The influence of the molecular structures of flavor compounds (specifically, variations in chain length and functional groups) on the binding of the flavor compounds (Z)-2-penten-1-ol, hexanal, and (E)-2-octenal to pea protein was investigated. The results showed that the molecular structures of the flavor compounds strongly influenced their binding affinity for pea protein. Specifically, (E)-2-octenal exhibited a higher binding affinity and a higher Stern–Volmer constant with pea protein than both hexanal and (Z)-2-penten-1-ol. Thermodynamic analysis indicated that the flavor compound–pea protein interactions were spontaneous. Hydrophobic interactions were dominant in the non-covalent interactions between (E)-2-octenal/(Z)-2-penten-1-ol and pea protein, whereas hydrogen bonding was dominant in the non-covalent interactions between hexanal and pea protein. Surface hydrophobicity measurements, the use of bond-disrupting agents, and molecular docking further supported the hypothesis that hydrogen bonding, as well as hydrophobic interactions, occurred between the flavor compounds and pea protein.

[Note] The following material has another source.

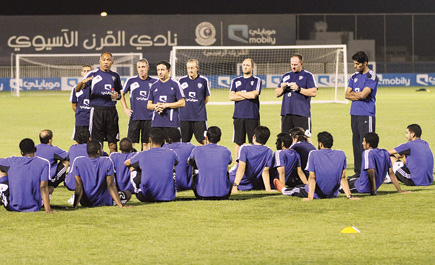 بعيداً عن التدريبات الجماعية للفريق. وقد بدأ العتيبي صباح أمس برنامجه المعد له من الجهاز الفني بشكل انفرادي.هذا وواصل فريق الهلال الأول لكرة القدم تدريباته مساء أمس استعداداً لملاقاة مضيفه «الشعلة» مساء يوم الجمعة المقبل ضمن الجولة السادسة من دوري المحترفين السعودي، والتي قرر الاتحاد السعودي لكرة القدم نقلها إلى استاد الأمير فيصل بن فهد بالرياض، بدلاً من ملعب نادي الشعلة في «الخرج»، واشتملت التدريبات على الجوانب اللياقية والتكتيكية وسط متابعة الأمير نواف بن سعد نائب رئيس النادي، وعدد من أعضاء مجلس الإدارة. من جانب آخر تقرر أن يرأس نائب رئيس نادي الهلال الأمير نواف بن سعد بعثة الفريق المغادرة لكوريا لمواجهة اولسان الكوري في ذهاب ربع نهائي دوري ابطال آسيا يوم الاربعاء المقبل. وعلى خط أخر ينتظم الرباعي الدولي (خالد شراحيلي - سلطان البيشي - ياسر الشهراني - عبدالعزيز الدوسري) بتدريبات الفريق الهلالي يوم غد كون موعد وصولهم سيكون عند التاسعة من مساء اليوم قادمين من فرنسا بعد فراغهم من معسكر منتخبنا الوطني، ويرجح أن لايعتمد عليهم كومبواريه بصفة أساسية في لقاء الشعلة يوم الجمعة المقبل.من ناحية أخرى، ضمّت إدارة المسؤولية الاجتماعية في نادي الهلال سبعة طلاب من جامعتي الإمام محمد بن سعود الإسلامية، والملك سعود، للتدريب التعاوني في الإدارة تحت إشراف رئيسها سعود السبيعي، من أجل تهيئتهم لما يخدم سوق العمل من خلال تنظيم وتوثيق الأعمال التطوعية والخيرية والاجتماعية لهذا العام والأعوام القادمة داخلياً ودولياً، إلى جانب تفعيل دور النادي اجتماعياً وثقافياً، وذلك في إطار أوجه التعاون بين نادي الهلال ومؤسسات المجتمع.

风味化合物的分子结构（特别是链长和官能团的变化）对风味化合物 ( Z )-2-penten-1-ol、己醛和 ( E )-2-octenal 与豌豆蛋白进行了研究。结果表明，风味化合物的分子结构强烈影响其与豌豆蛋白的结合亲和力。具体来说，与己醛和 ( Z )-2-penten-1-ol相比，( E )-2-octenal 与豌豆蛋白的结合亲和力更高，Stern-Volmer 常数也更高。热力学分析表明风味化合物与豌豆蛋白的相互作用是自发的。（ E）之间的非共价相互作用中疏水相互作用占主导地位)-2-octenal/( Z )-2-penten-1-ol 和豌豆蛋白，而氢键在己醛和豌豆蛋白之间的非共价相互作用中占主导地位。表面疏水性测量、键破坏剂的使用和分子对接进一步支持了在风味化合物和豌豆蛋白之间发生氢键以及疏水相互作用的假设。